Volodin laughed, but immediately afterwards looked hurt and said:
“Ardalyon Borisitch, I have no idea of injuring you, and I don’t want your sugar-candy because I don’t like it.”
Peredonov became depressed. Varvara said sneeringly:
“You’ve made a big enough fool of yourself, Ardalyon Borisitch. How can he do you any injury?”
“Any fool can do you harm,” said Peredonov dejectedly.
Volodin thrust out an offended lip, shook his head and said:
“If you have such an idea about me, Ardalyon Borisitch, then I can only say one thing: I thank you most humbly. If you think that way about me, what have I to say? What shall I understand by this, in what sense?”
“Take a drink, Pavloushka, and pour me one too,” said Peredonov.
“Don’t pay any attention to him, Pavel Vassilyevitch,” said Varvara consolingly. “He’s only talking, his heart doesn’t know what his tongue blabs.”
Volodin said nothing, and preserving his injured look began to pour the vodka from the decanter into the glasses. Varvara said sarcastically:
“How is it, Ardalyon Borisitch, that you’re not afraid to drink vodka when he pours it out? Perhaps he’s exorcising it—don’t you see his lips moving?”
Peredonov’s face bore an expression of terror. He caught the glass which Volodin had filled and flung the vodka on to the floor, shouting:
“Chure me! Chure—chure—chure! A spell against the spell-weaver—may the evil tongue die of thirst, may the black eye burst. To him Karachoun [death], to me chure-perechure!”
Then he turned to Volodin with a malignant face, snapped his fingers and said:
“That’s for you. You’re cunning, but I’m more cunning.”
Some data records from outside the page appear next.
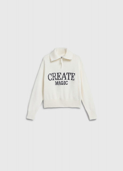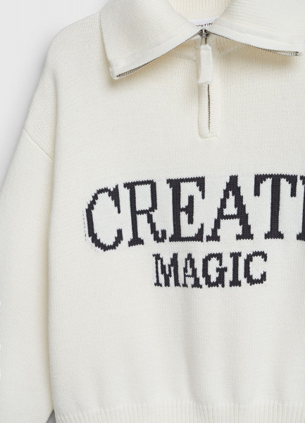 Вязаный джемпер с вышивкой для девочек, Бежевый
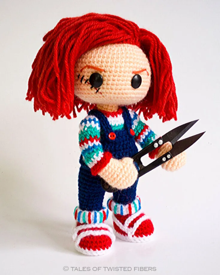 Right out of a horror movie, this Chucky doll is bound to scare away all your guests for sure! Inspired by the doll Chucky, the strips on his Converse shoes and the scars on his face are just some of the intricate details on this doll. This pattern requires you to have some embroidery skills and a lot of patience to crochet and sew all the small pieces together.
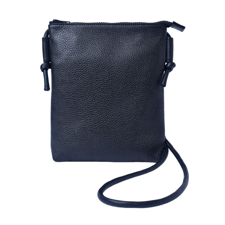 柔らかめのレザーです。小さいお財布、リップ、スマホ、ハンカチやティッシュくらいは入ります。もっと入るのですが
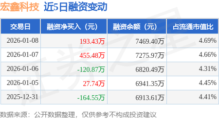 证券之星消息,1月8日,宏鑫科技(301539)融资买入1005.51万元,融资偿还812.08万元,融资净买入193.43万元,融资余额7469.4万元。
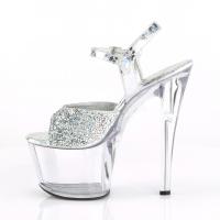 7 インチ (178 mm) かかと、Slv マルチ ラインス トーン、フロント ヴァンプ w/2 3/4 インチ (70 mm) プラットフォーム アンクルス トラップ サンダル
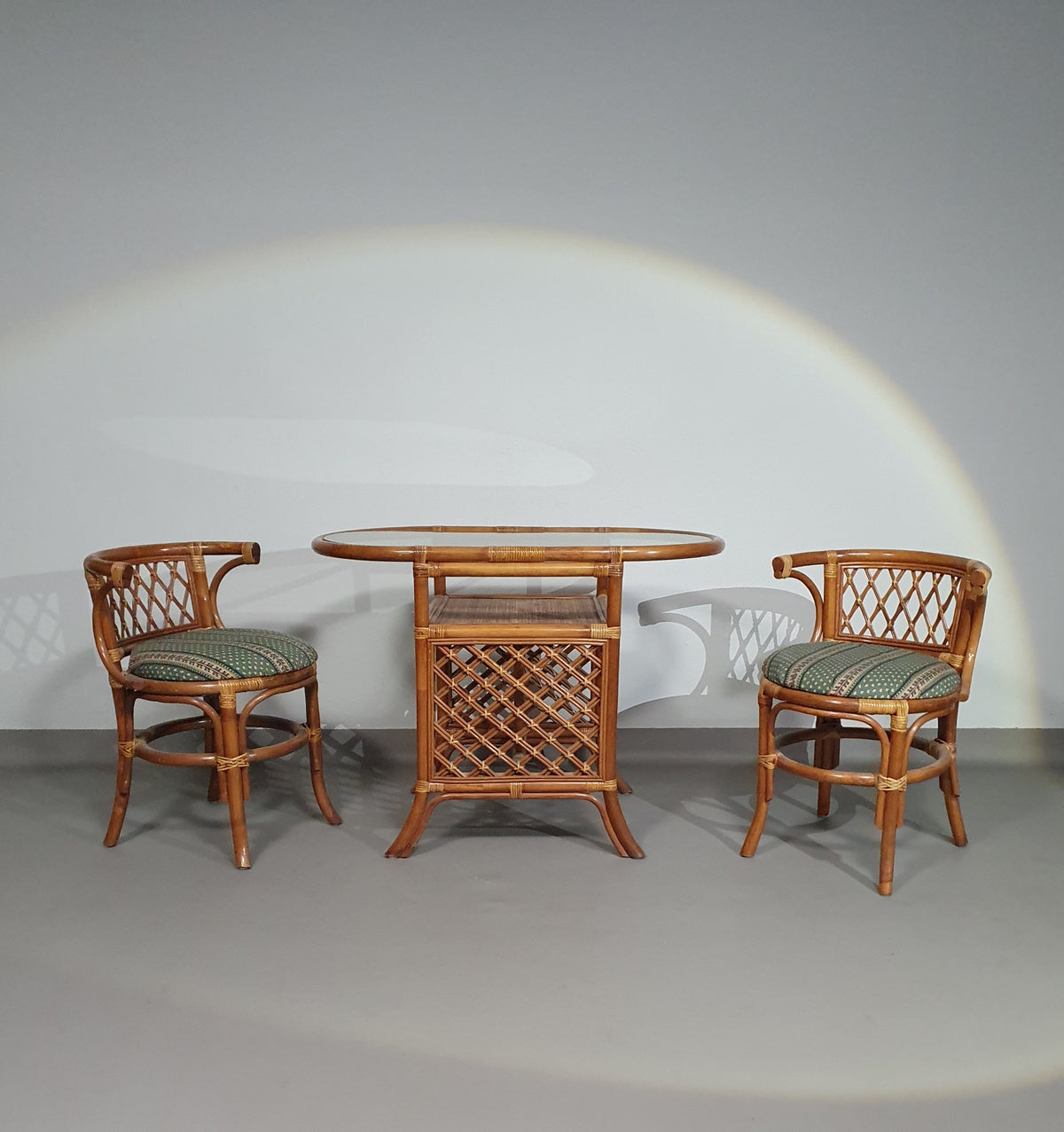 Rattan / bamboo Balcony side table / chairs set 1970s.

Varvara laughed uproariously.
Volodin bleating in an offended, trembling voice said:
“It’s you, Ardalyon Borisitch, who know and pronounce all sorts of magic words, but I never occupied myself with black magic. I hadn’t any idea of bedevilling your vodka or anything else, but it’s possible that it’s you who’ve bewitched my brides from me.”
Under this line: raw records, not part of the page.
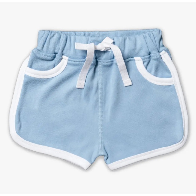 Matches perfectly with our Whales print, from our Seascapes collection Made with super soft, GOTS certified organic cotton, these retro-styled shorts feature contrasting white trim and a quality draw-string for easy adjustment. * 100% GOTS certified organic cotton, gentle on babies’ delicate skin * Retro-styling with contrasting white trim * Double stitched hems and bindings * Sewn-in elastic and drawstring for adjustable waist * Flat seam stitching means no irritating inner seams * Iron-on label means no itchy tags * Whale Blue
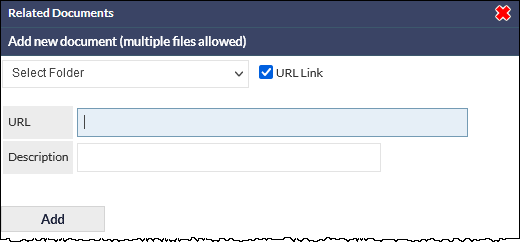 In addition to uploading and relating documents, it is also possible to relate a URL (a clickable web link). Once a URL has been related, it is treated in the same manner as a document (i.e. the item can be clicked, unrelated, deleted, renamed).
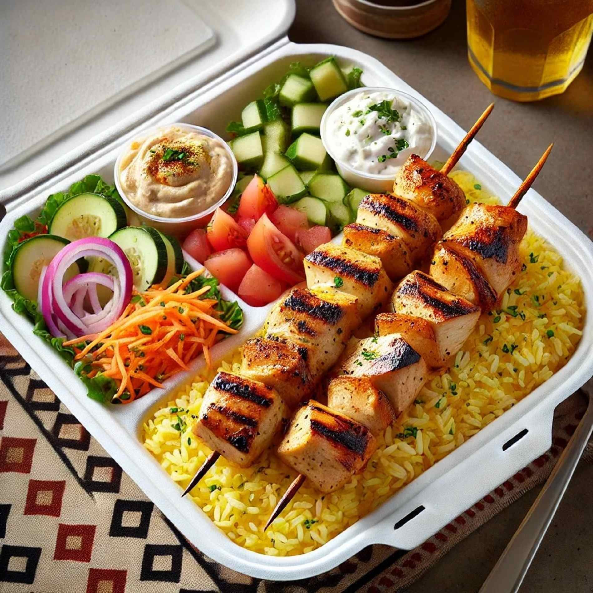 Indulge in a hearty and flavorful dish with your choice of succulent grilled chicken, juicy beef, traditional Turkish meatballs, or a mixed grill combination. Served on a base of fluffy rice, crisp salad, or golden fries, this dish is a feast for the senses. Enjoy it with a fresh and colorful salad mix of lettuce, diced tomato, cucumber, carrot, onion, and red cabbage, along with vibrant tabbouleh, creamy hummus, and cool, refreshing tzatziki. Top it off with your choice of three delicious sauces to create a personalized and mouthwatering experience.
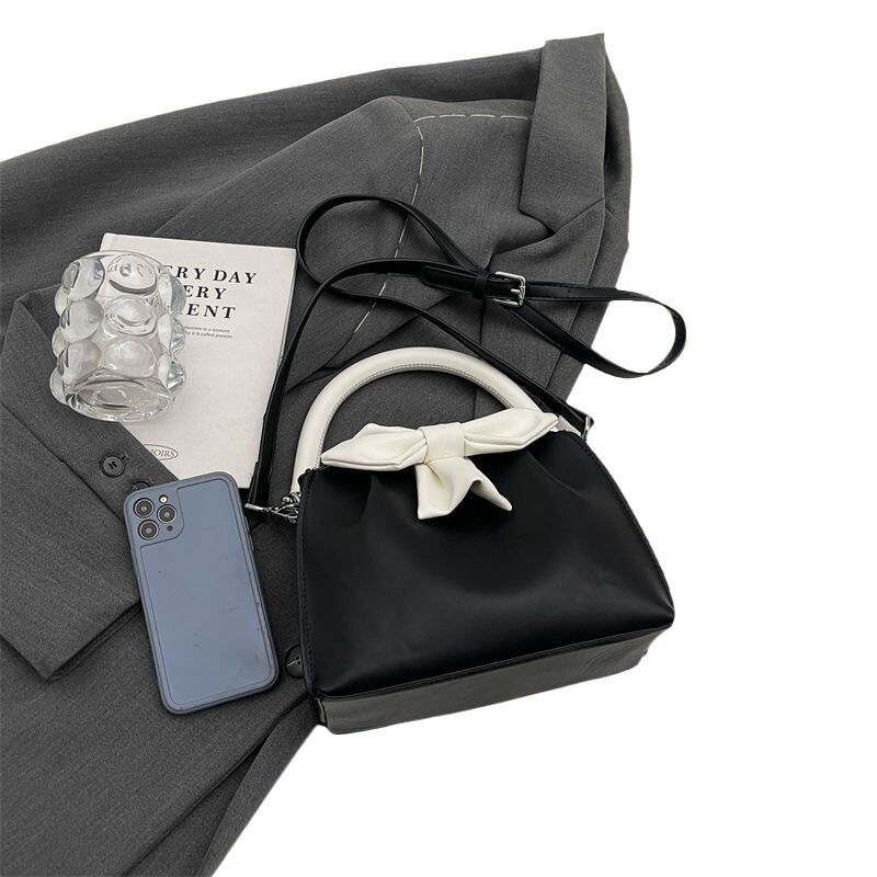 手持ち・肩掛けの2WAY仕様で、付属のストラップでショルダーバッグとしても使える優れもの。普段のお出かけから、デート、女子会、ちょっとしたパーティーまで幅広く活躍します。リボンと持ち手部分がホワイトで統一され、ブラックベースとのコントラストが美しく、視線を引きつけるアクセントに。
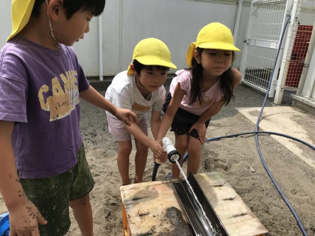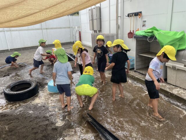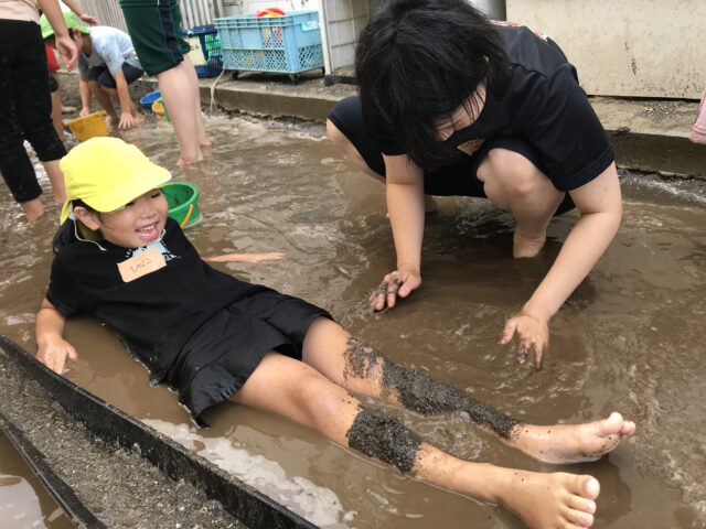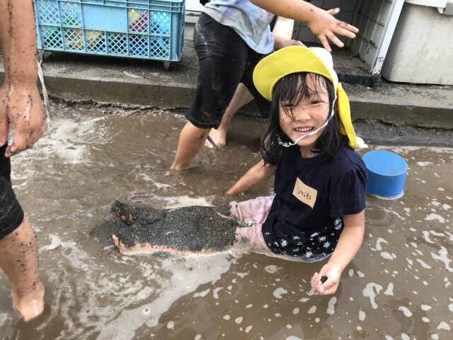 2025.09.15 保育園の日常、誉田保育園 どろんこ遊び☆4・5歳児 千石園のお友達が来園してくれました「一緒にどろんこ遊びしよう!!」 みんな大好きな、どろんこ遊びスタート!! 「水流すよ~~」どろ池つくろう!! 「泥パックはいかがですか?」お肌がすべすべになりますよ~ 穴掘って!!水溜めて!!どろ池の出来上がり どんどん泡が沢山になり、砂風呂のように。。。 みんな顔も体も泥だらけ、沢山遊んで満足感!!まだまだ暑い日が続いてるけど泥遊びを存分に楽しむことが出来ました
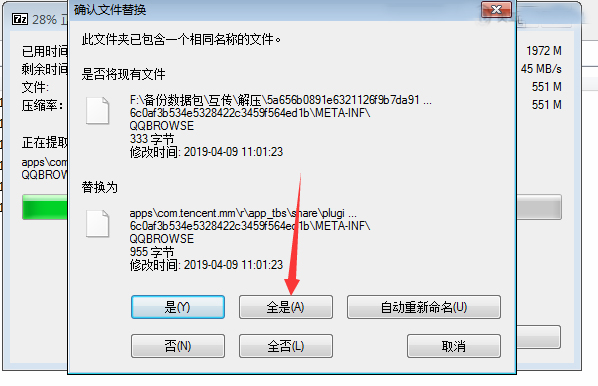 5、解压过程中,有提示文件替换的,全部选是。
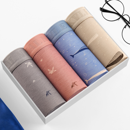 4条装莫代尔男士内裤抗菌裆潮男青年男士四角裤衩柔软透气

“What an idea!” said Peredonov angrily. “I don’t want your brides. I can get them by cleaner means.”
“You’ve cast a spell to burst my eyes,” continued Volodin, “but mind your spectacles don’t burst sooner.”
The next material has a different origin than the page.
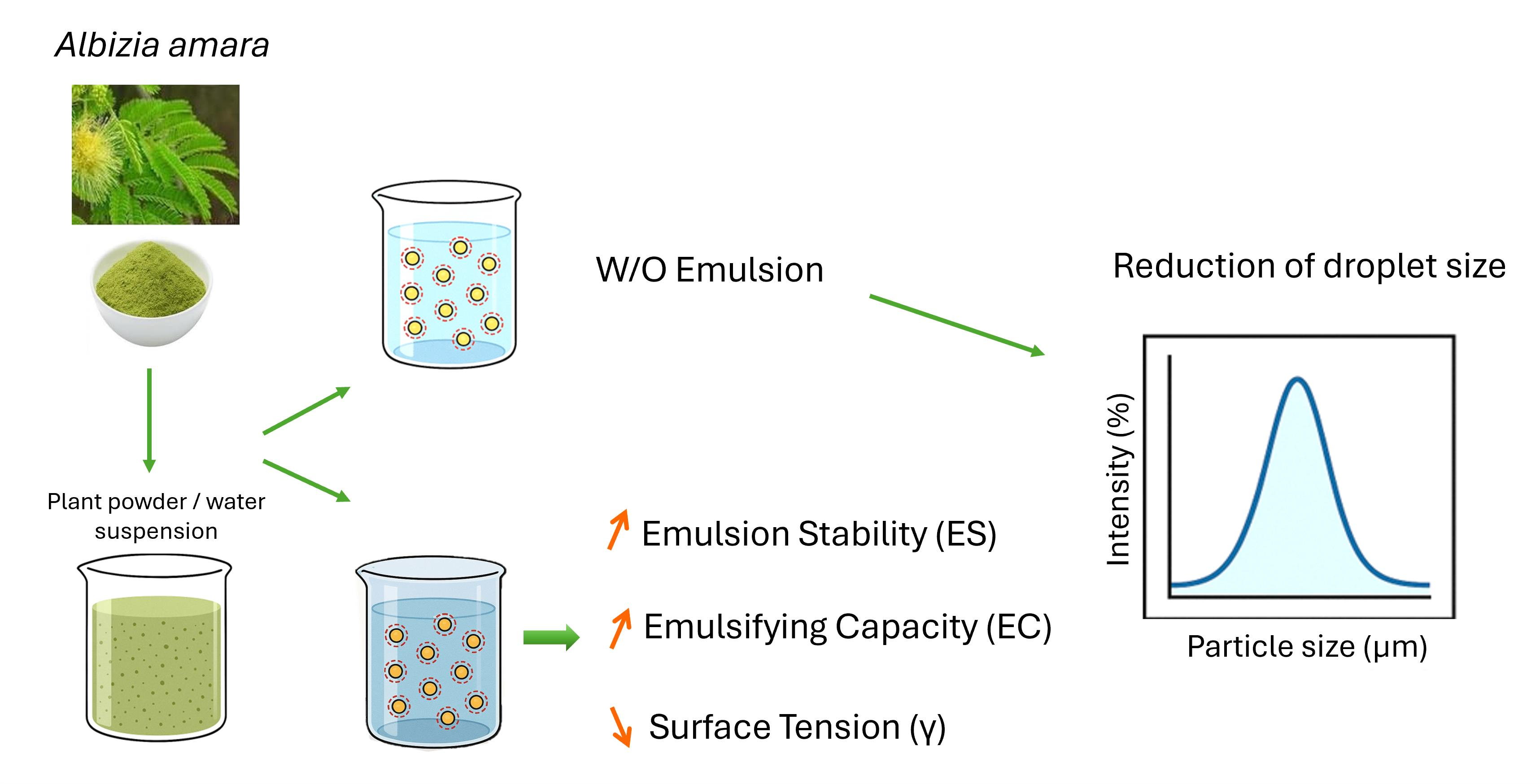 This study aims to evaluate the feasibility of using raw AA powder suspended in water as a plant-derived surface-active material, without prior extraction. Specifically, the research focuses on assessing the apparent surface tension reduction, oil-in-water emulsion particle size, and identifying the most effective method for preparing uniform and stable AA suspensions. The findings will contribute to understanding the emulsifying potential of AA and its suitability as a natural alternative to synthetic surfactants.
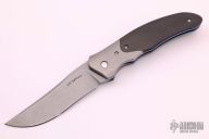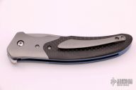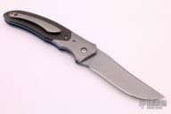 This Crux Kickstop Flipper by Lee Williams features a tumble finished blade with false top edge and kickstop flipper. The handle has orange peel finished titanium bolsters, carbon fiber scales, anodized titanium liners and textured backspacer, with orange peel finished titanium tip up clip. Rides on bearings, nice detent, lockup and blade seating. Comes with a zippered case. Excellent condition.

Peredonov caught his glasses in fear.
“What nonsense!” he growled. “You let your tongue run away with you.”
Varvara looked warningly at Volodin and said crossly:
“Don’t be spiteful, Pavel Vassilyevitch, eat your soup, or else it’ll get cold. Eat, you spiteful thing!”
She thought that Ardalyon Borisitch had exorcised himself in time. Volodin began to eat his soup. They were all silent for a while, and presently Volodin said in a hurt voice:
“No wonder I dreamed last night that I was being smeared with honey. Did you smear me, Ardalyon Borisitch?”
“That’s not the way you ought to be smeared,” said Varvara still crossly.
“Why should I be? Be good enough to tell me. I don’t see why I should be,” said Volodin.
“Well, because you’ve got a nasty tongue,” explained Varvara. “You oughtn’t to babble everything that comes into your mind immediately.”